» **Dataset excerpt**
===============

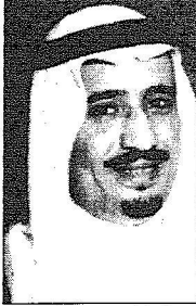
سلطان بن عبدالعزيز
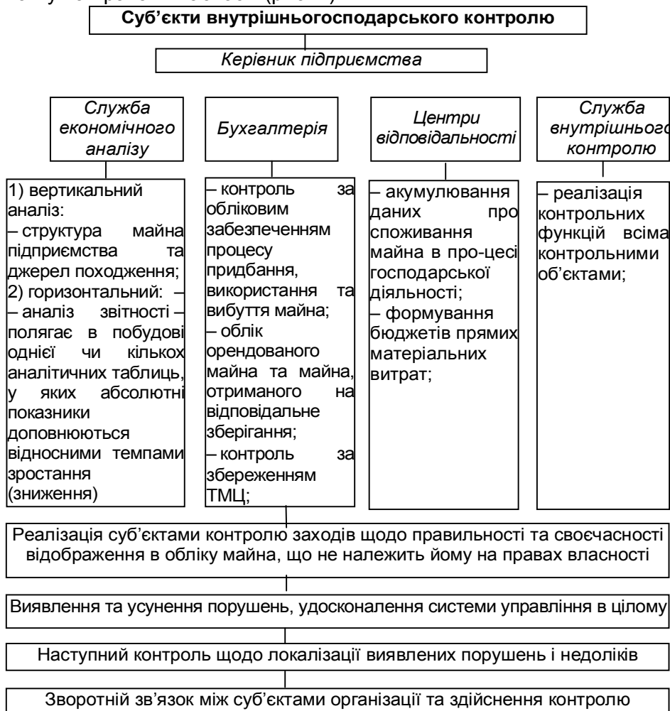
Рис. 1. Функції суб'єктів внутрішнього контролю майна, що не належить підприємству

Розглянемо функції суб'єктів внутрішнього контролю майна, що не належить підприємству на правах власності (рис. 1).

===============

» **Directions for this task**
Write out exactly the lines from the line containing "Рис. 1. Функції" to the end of the listing above, both included, and nothing else.

» **Reply**
Рис. 1. Функції суб'єктів внутрішнього контролю майна, що не належить підприємству

Розглянемо функції суб'єктів внутрішнього контролю майна, що не належить підприємству на правах власності (рис. 1).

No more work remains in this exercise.